This is a concept I've been thinking about a lot lately.
For a long time, I used to think that there was a right way and a wrong way. One person, institution or behavior was right, and the other was not. There was no gray involved.
I thought I had an obligation to speak up, to change other people's minds about something. As a good friend would ask me "How's that working for ya'?"
I also felt I had to defend certain things - even if these things or people didn't directly impact me. Even if I wasn't remotely responsible for that person, place or institution. Defend that friendship, relationship, political system. Again - it was my responsibility.
Because it did have to be a battle - one person had to be right, the other person wrong. There was no "agreeing to disagree". There was no respect that each person has a basic right to their own perspective and opinion (and preference). And those perspectives may be different and that's okay.
People could not be equal. One person had to win.

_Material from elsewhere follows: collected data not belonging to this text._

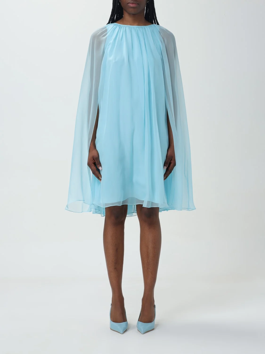 sheer-overlay silk cape dress
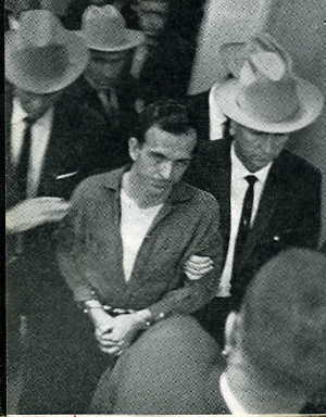But proof that the man in the Depository doorway is Oswald, and not Lovelady, is the photo below, taken from page 48 of the same magazine, showing Oswald in police custody. He's wearing identical clothes to the man standing in the doorway. I've put it next to the enlargement of Oswald in the doorway for direct comparison:
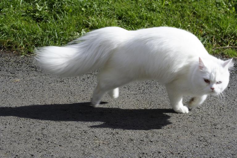 Keywords: cat domestic cat european shorthair sweet dear persian cat breed cat white sit nature green shrubs tree rush grass road away race run move escape felidae
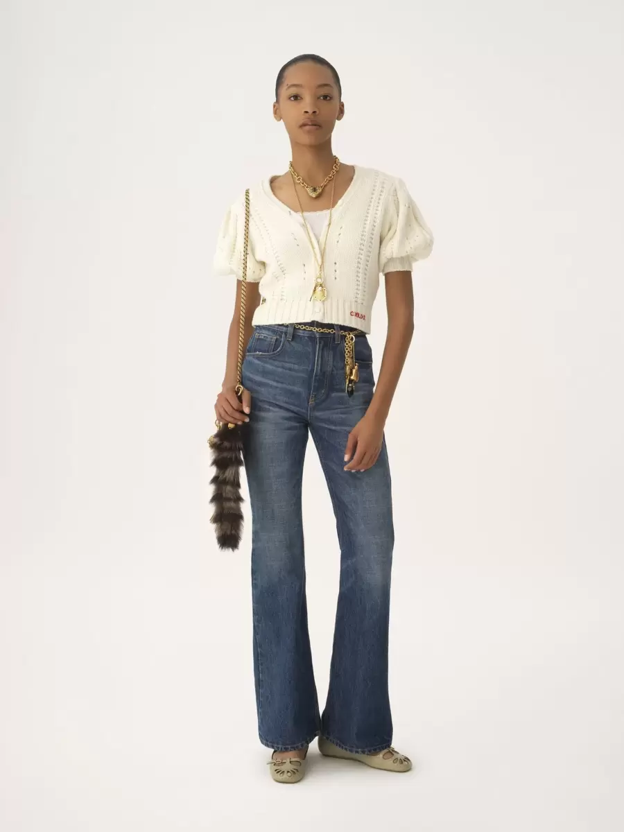 Düşük etkili kalın yün ve kaşmir örgüden V yakalı hırka, kısa kabarık kollar, kumaş kaplı düğmeler ve etek ucunda Chloé logosu işlemesi içerir.

I talked about little bit about standing behind your own opinion here.
So I agree that sometimes it makes sense to speak up - to defend one's "truth". And to stand behind what you say.

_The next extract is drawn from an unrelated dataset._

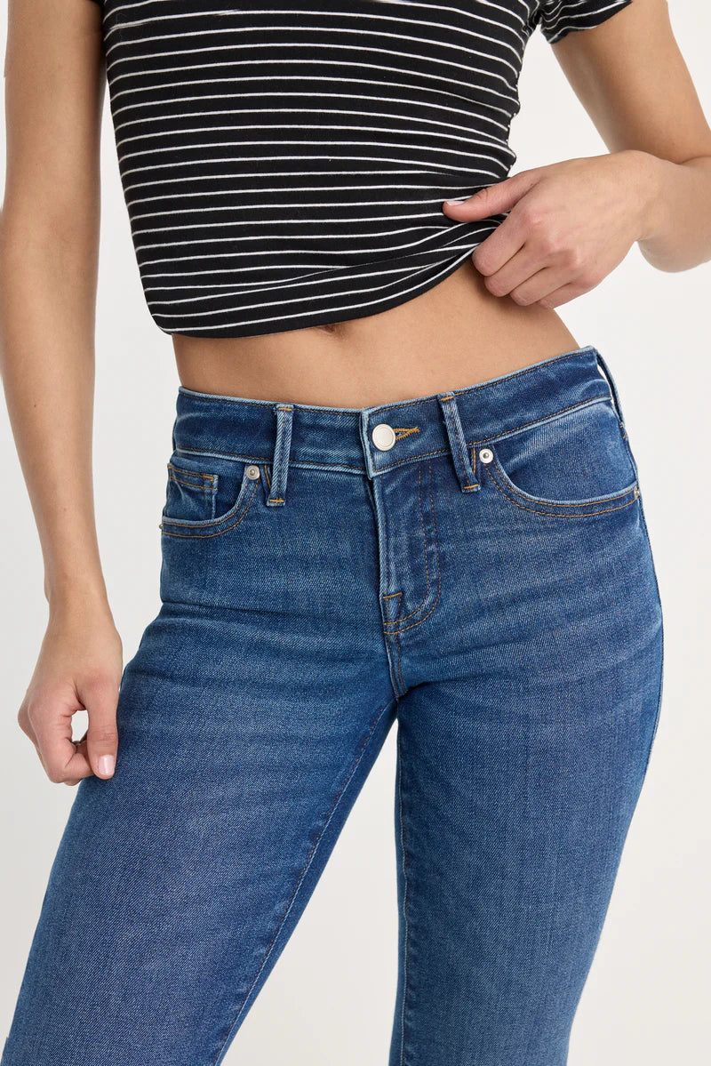 The new low-rise. A classic slim silhouette with a low-rise waist, close fit, and subtly flared bootcut legs. Made from our premium power stretch denim, they'll hold their shape with extra stretch and easy, all-day comfort.

But I have just been thinking that some people may never understand or be convinced of some things.
So what is the point of engaging, if my opinion has not be directly asked? What do *I* get out of expending the energy?

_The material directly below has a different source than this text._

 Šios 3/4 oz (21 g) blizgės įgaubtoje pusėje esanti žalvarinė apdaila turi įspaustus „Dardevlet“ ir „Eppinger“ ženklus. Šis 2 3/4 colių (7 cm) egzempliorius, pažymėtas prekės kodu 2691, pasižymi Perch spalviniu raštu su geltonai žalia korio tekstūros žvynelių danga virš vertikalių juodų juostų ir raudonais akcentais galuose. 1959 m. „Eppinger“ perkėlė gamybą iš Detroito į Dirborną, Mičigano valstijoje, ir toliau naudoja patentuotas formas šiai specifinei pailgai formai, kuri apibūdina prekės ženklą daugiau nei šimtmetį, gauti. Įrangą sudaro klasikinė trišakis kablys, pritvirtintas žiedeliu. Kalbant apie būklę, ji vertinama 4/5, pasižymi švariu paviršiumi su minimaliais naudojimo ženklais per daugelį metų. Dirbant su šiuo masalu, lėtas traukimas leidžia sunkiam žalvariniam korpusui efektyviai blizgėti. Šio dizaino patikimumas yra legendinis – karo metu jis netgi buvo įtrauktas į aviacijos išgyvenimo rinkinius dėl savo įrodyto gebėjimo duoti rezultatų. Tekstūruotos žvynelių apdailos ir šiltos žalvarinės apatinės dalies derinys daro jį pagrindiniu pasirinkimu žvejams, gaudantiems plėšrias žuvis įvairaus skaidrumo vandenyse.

For me, personally, it goes back to minding my own business. Figuring out what *is* my business and what is not.
I don't have to sit back and allow wrong (hurtful) things to be said, to sit back and watch abuse happen.
BUT - on the flip side, I get to choose whether or not I want to be involved, and choose if I need to be directly involved.
It is a gift, in my opinion - to have this choice. That way I can spend my energy on things I *can* change, on having a reasonable discussion where everyone's right to their own opinion is respected.
And it's not a hard and fast rule. I simply no longer have to convince the world that my way - my personal perspective is "the right perspective".
1 comment:
The need to defend is certainly something I am familiar with. :) My boss used to tell me that I didn't need to be everyone's lawyer. I am also learning to take a step back.